The January 15, 2014 Supreme Court opinion in Pittman v. Pittman407 S.C. 141, 754 S.E.2d 501 (2014), affirmed the Court of Appeals and family court’s determination that husband’s premarital surveying business had been transmuted into marital property while modifying the reasoning justifying the decision.  At trial the family court found this business to be transmuted and awarded Wife one-half of the value of the business.  Husband appealed and the Court of Appeals affirmed this issue.  The Supreme Court granted certiorari on this one issue.

The family court had justified and the Court of Appeals had affirmed the transmutation in-part based upon Wife’s premarital contributions to the business.  The Supreme Court found such consideration to be an error of law but affirmed the transmutation finding “the record reveals ample evidence to support a finding that the parties’ actions during the marriage manifested intent for the Business to be transmuted.” (emphasis in original).  The Pittman opinion contains numerous factual findings documenting this evidence.

Husband raised two additional arguments as to why he should have been awarded more than 50% of the value of this business.  First he argued he was entitled to a “special equity” interest in this business because it had value prior to the marriage.  The Supreme Court held this “argument is inconsistent with the law of this state. ‘When property is determined to have been transmuted, the entire property, not just a portion of the property, is included in the parties’ marital property which is thereafter apportioned by the family court using the criteria set forth in the equitable apportionment statute.’” Calhoun v. Calhoun, 339 S.C. 96, 106, 529 S.E.2d 14, 20 (2000).  Basically, once property has been transmuted, no special equity interest exists.

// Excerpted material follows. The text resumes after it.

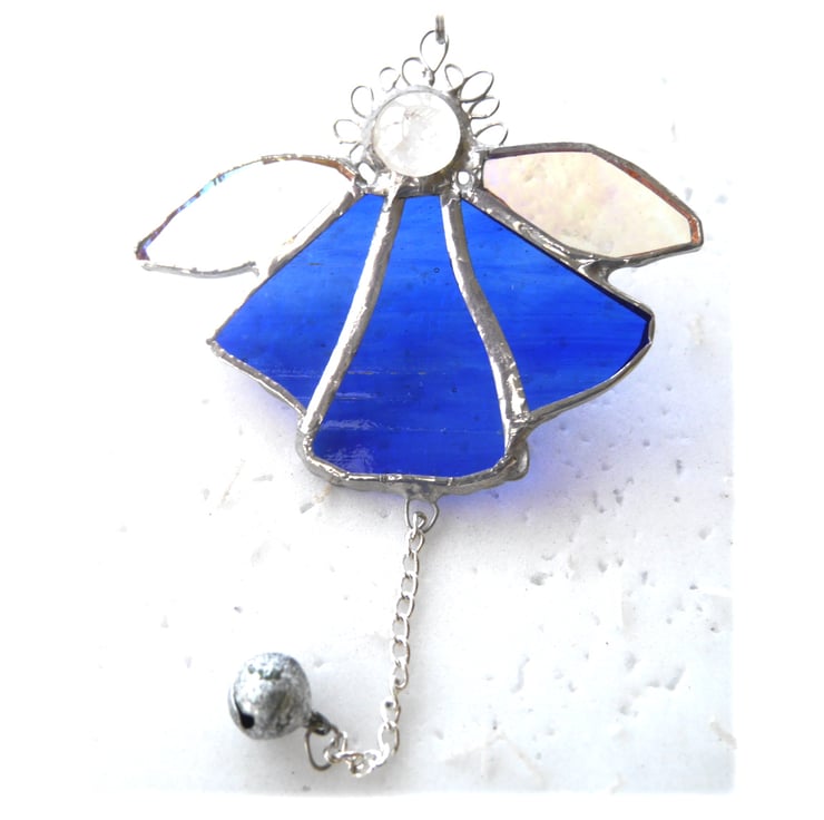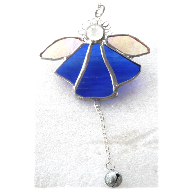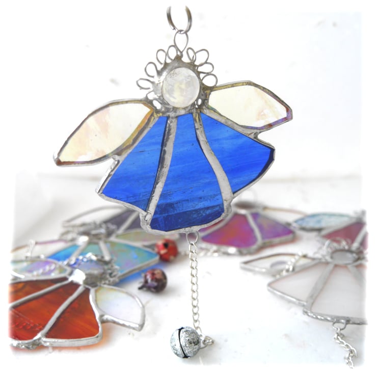 This is a stained glass suncatcher, an angel, made using the Tiffany copper foil technique.

Husband’s second argument was that he was entitled to more than 50% of the value of the business due to his premarital contribution.  The Supreme Court noted this argument had merit “in the abstract” but was “unable [unwilling?] to conclude that the family court erred.”  In responding to Husband’s post-trial motion for reconsideration, “the family court noted the parties stipulated to a ‘50/50 division.’ Although there is disagreement as to whether the parties stipulated to an equal division, we have carefully reviewed the parties’ respective contributions to the acquisition of the marital estate and find the equitable apportionment ordered by the family court to be reasonable.”

Given the Supreme Court’s holding, it could have dismissed certiorari as improvidently granted. It appears it issued this opinion in order to direct family courts not to consider premarital contributions in determining transmutation.